The official docs say requests within the concurrency limit receive a response and requests above the limit return HTTP 429. That means 429s are not a mystery signal; they are the expected backpressure response when your account or one `user_id` lane is over capacity.

The operational answer is usually not 'add more retries everywhere'. It is: lower fan-out, move repetitive traffic to Flash, queue overflow, and separate your highest-value Pro requests from background jobs.

If you are granted increased account concurrency, DeepSeek says each `user_id` can still be limited individually. That is a strong reason to choose a stable and bounded `user_id` strategy instead of leaving it blank for every request.

5. Keep-alive lines are not broken responses

DeepSeek's docs also explain the request keep-alive mechanism. Non-streaming requests may emit empty lines while the HTTP connection remains open. Streaming requests may emit SSE keep-alive comments like `: keep-alive`.

If your client or proxy treats those bytes as malformed output, you can misclassify a healthy waiting request as a failure.

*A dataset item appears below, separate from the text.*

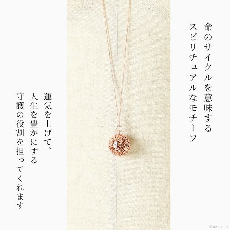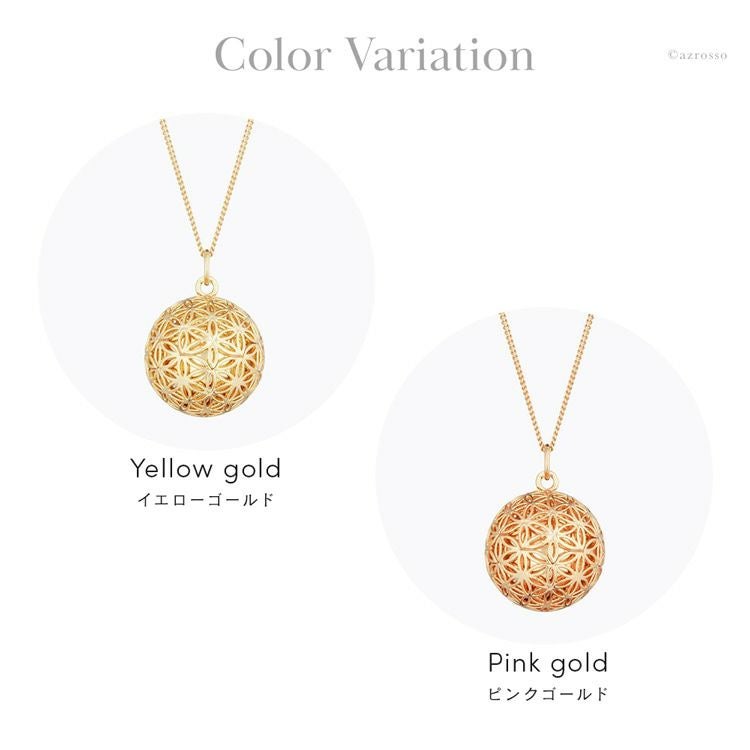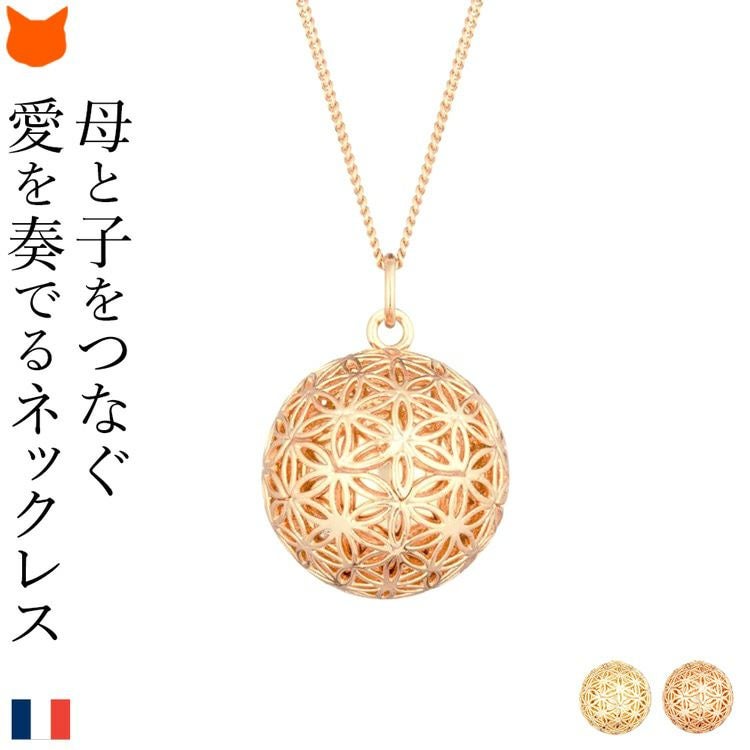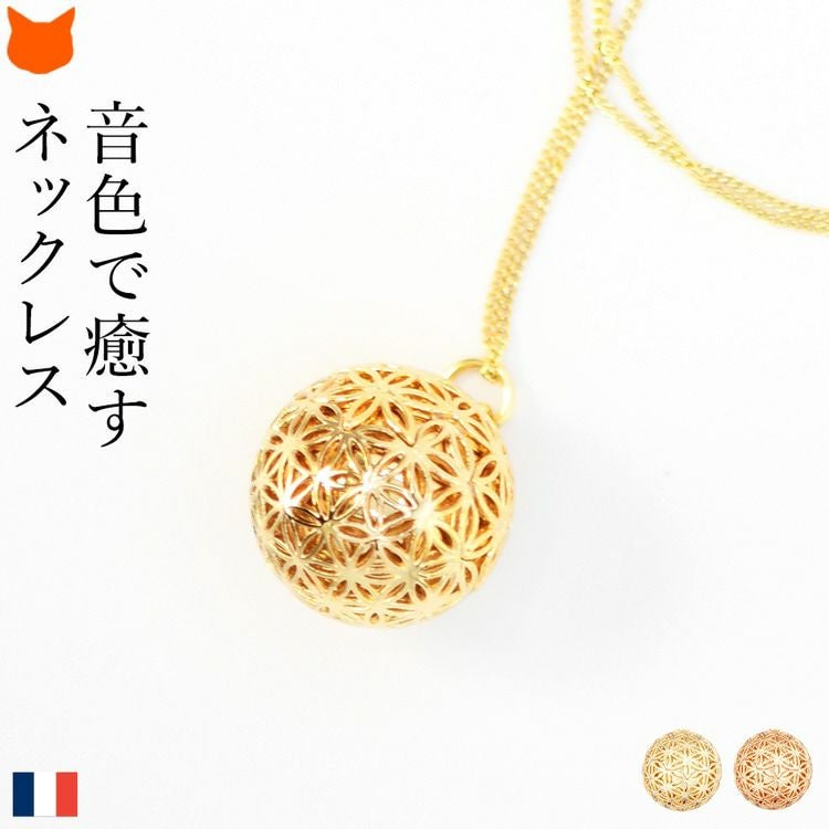 揺れるたびに澄んだ音色に癒されるパリILADO(イラド)のネックレス。運気を上げる神聖幾何学模様のアクセサリーはプレゼントにもおすすめ。ゴールド、ピンクゴールドの2色をご用意 ピンク ゴールド ネックレス 長め ペンダント ロング 大ぶり フラワー オブ ライフ 神聖 幾何学模様 リラックス 癒し グッズ ヒーリング アクセサリー フランス お守り スピリチュアル ガムランボール レディース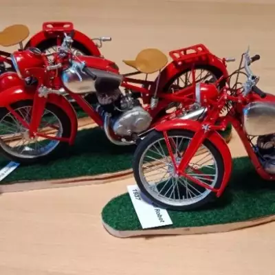 Přibudou nám též papírové modely historických motocyklů: Do pelhřimovského Muzea rekordů dorazí historické motocykly: Václav Dohnalík vytvořil v průběhu 10 let kolekci 57 papírových modelů motocyklů z první poloviny 20. století. Tvoří je podle snímků z internetu, z kladívkové čtvrtky a jsou zhotoveny do nejmenších detailů, včetně zapalovacích svíček motoru. Výztuhy v některých částech modelů tvoří drátek o síle 1 mm. Vytvoření jednoho modelu o délce cca 30 cm trvá od tří měsíců do půl roku. Část své sbírky nám zapůjčí do expozice – děkujeme velice!

The docs also say the server closes the connection if inference has not started after 10 minutes, which gives you a concrete upper bound for pre-inference waiting.

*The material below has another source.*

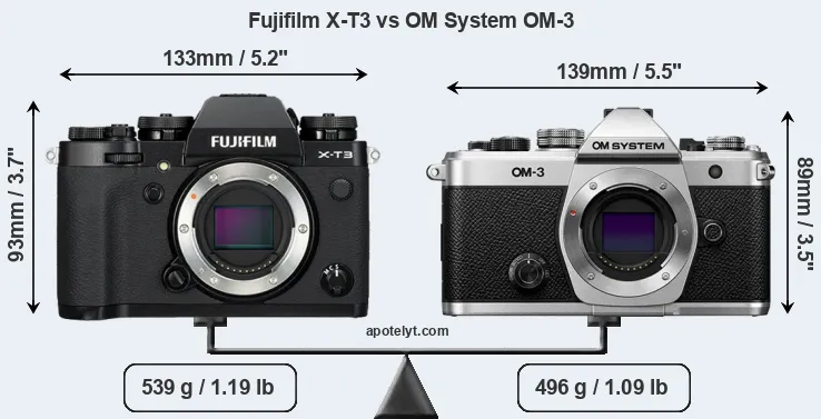 An illustration of the physical size and weight of the Fujifilm X-T3 and the OM System OM-3 is provided in the side-by-side display below. The two cameras are presented according to their relative size. Three consecutive views from the front, the top, and the rear side are shown. All width, height and depth measures are rounded to the nearest millimeter.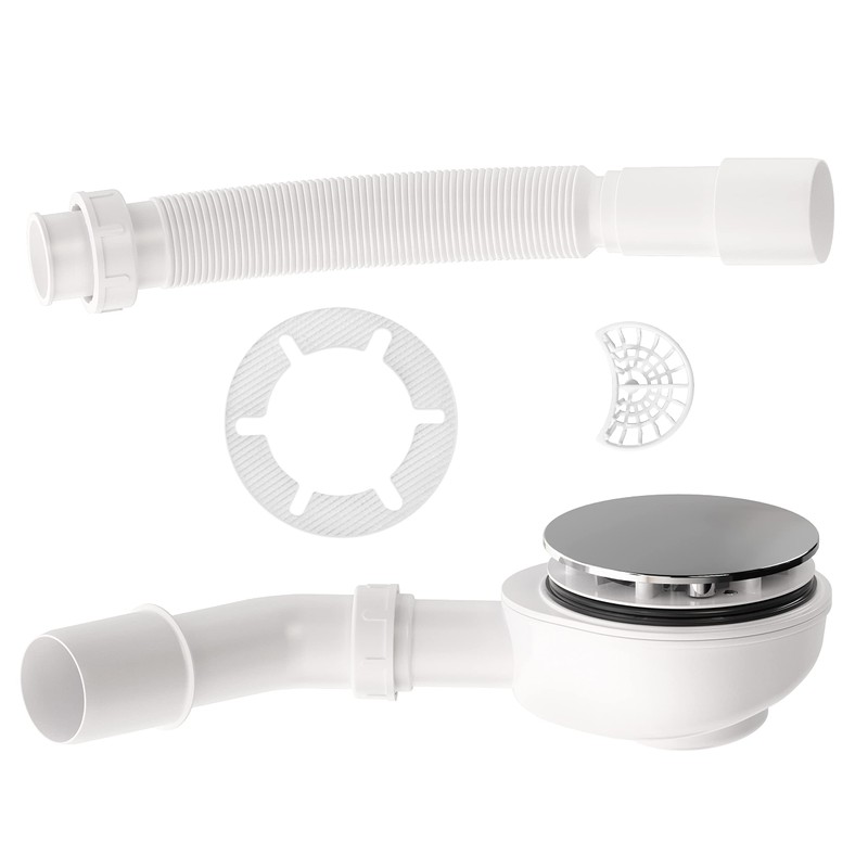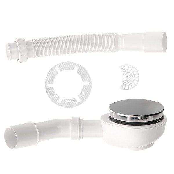 Alcaplast drain set extra flat chrome-plated including drain bend and flex connection for shower trays with a diameter of 90 mm drain hole, cover diameter 116 mm knee - includes pack siphon - self-cleaning construction siphon can be used up to the drain pipe. Direct connection to HT (after thread separation). Material: polypropylene (stable material, greater chemical and thermal resistance). Lid of the siphon. Easy installation for shower wanWith opening diameter 90 mm, opening cover diameter 116 mm

This matters for DeepSeek-first agent tools because a slow but healthy queued request should not look the same as a real transport failure.

FAQ

What are DeepSeek's official concurrency limits?

The official Rate Limit & Isolation page lists 500 concurrent requests for `deepseek-v4-pro` and 2500 for `deepseek-v4-flash`, calculated at the account level.

Is concurrency tracked per API key or per account?

Per account. DeepSeek's docs say concurrency is calculated at the account level regardless of which API key is used.

Where does user_id go in the OpenAI-format API?

Put it in `extra_body.user_id`.

Where does user_id go in the Anthropic-format API?

Put it in `metadata.user_id`.

What do empty lines or `: keep-alive` comments mean?

They are documented keep-alive behavior while the request is still waiting. They are not automatically an error.

DeepSeek traffic gets easier to run when you treat concurrency, `user_id`, and keep-alives as first-class production constraints. Flash should absorb the broad high-volume lane, Pro should stay scarce and deliberate, and your client code should pass `user_id` in the exact place the chosen protocol expects.